Diane had Primary Biliary Cholangitis (PBC), a rare autoimmune liver condition. She's shared her liver transplant story to help raise awareness of the disease. Thank you very much, Diane.
Without a supportive partner, my road to recovery would have been a lot harder.
"At the age of 33, after not being able to put a finger on my fatigue, I was diagnosed with multiple autoimmune disorders. Being difficult to diagnose, I went through numerous tests until PBC was diagnosed with possible autoimmune hepatitis or crossover. For many years I worked, raised children, took prescribed medication and generally tried to get on with life.
"Fast forward to late 2018. It became evident that things were not going well. My colour was changing and my strength ebbing. I went to Queen Elizabeth Hospital Birmingham in January 2019 where the doctor very bluntly and honestly told me that my liver was struggling, my life expectancy was shortened and that now was the time to be listed for transplant.
"All the fight that I had trying to kid folk that I was 'fine' left me that day. I had my one-day assessment in May, then on 12th and 13th June, the two-day assessment. This was all at Birmingham, with my husband as shell shocked as myself.
"On the afternoon of the 14th, a telephone call came to say that I would be listed. By this time my colour was butterscotch. It was past being a nice holiday tan. The listing went active on 18th June and I had my call on 23rd June.
"My husband drove us there, we didn't even speak, but I had this tremendous calm wash over me. I was resigned to this 'what will be will be' situation.
"The waiting to see if the liver was suitable for me seemed an eternity.
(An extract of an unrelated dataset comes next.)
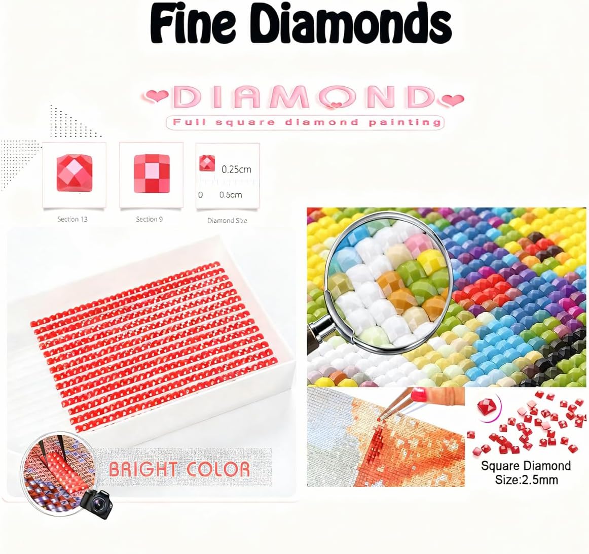 【PITTURA A DIAMANTE DI GRANDI DIMENSIONI E CONFEZIONE】La dimensione della pittura a diamante è 110x55cm. Include tela HD, perline di strass colorati, penna a punta diamantata, cera per pittura a diamante, sacchetti sigillati, vassoi per pittura a diamante. La pittura a diamante di grandi dimensioni viene fornita con diversi set di strumenti 【MATERIALI DI ALTA QUALITÀ】La tela per pittura a diamante è stampata ad alta risoluzione, è impermeabile e ha una consistenza liscia, i simboli delle lettere sono chiari e facili da capire. Il potente adesivo garantisce un'eccellente aderenza del diamante e uno speciale strato protettivo preserva l'opera per anni 【PITTURA A DIAMANTE FAI DA TE POPOLARE】Questo kit per pittura a diamante 5D. Le perline di diamante hanno molte sfaccettature, i diamanti scintillanti rendono l'intero dipinto più tridimensionale, vivido e magnifico. Realizzare una splendida opera d'arte è facile per chiunque 【AGGIUNGI PIÙ DIVERTIMENTO ALLA TUA VITA】Dipingendo, ti sembrerà che il tempo voli e ti immergerai nel mondo dell'arte dei diamanti. La pittura fai da te con diamanti può alleviare lo stress, regolare le emozioni, aumentare l'autostima e perseverare sviluppando la pazienza. Adatto ad anziani/principianti/adulti 【DECORAZIONE E REGALI PERFETTI】La pittura con diamanti è una popolare decorazione fai da te, adatta per decorare il soggiorno, l'ufficio, il negozio, la camera da letto, il bar o qualsiasi altro ambiente. Consigliamo vivamente di regalare dipinti con cristalli a familiari o amici. Adatto come regalo di compleanno, Pasqua, Ringraziamento, Natale, trasloco, Capodanno e altro ancora

It was midday when I got wheeled to theatre after waiting from arrival at 4 am. We were then both in pieces, obviously not knowing if I would survive. I was barely eight stone at that time.
"Five hours later, my husband, to his relief, was told that it had been a success and I was being taken to ICU. After six days I was discharged from hospital complete with a carrier bag of medications, a drain still in situ and a cushion held to my stomach (more as a comfort).
The road to recovery
"It is almost two years now since my transplant and I am now walking distances with my husband, bowling again and, in spite of shielding in lockdown, I am loving and living life as much as possible. It is a different lifestyle nowadays though with the restrictions in place and the vulnerability of being on immunosuppressants for life but it is a calm, healthy and satisfying lifestyle that we as a couple can continue to lead. My family cannot believe the change, especially my strength, as I can run about with the grandchildren, much to their amusement.
"PBC may return. If it does, I now know what to expect. It can be managed successfully but mine had become progressive. I am no longer scared of the idea but just hope that, thanks to my donor, I can be a good custodian to the organ and enjoy life.
"The staff at Queen Elizabeth Hospital have been on the ball at every progression or pitfall, so very supportive. Their team have endless patience. However, without a supportive partner, my road to recovery would have been a lot harder. Dean has been there throughout for me, tough days and happy ones, keeping his encouragement and enthusiasm which helped me literally get back on my feet."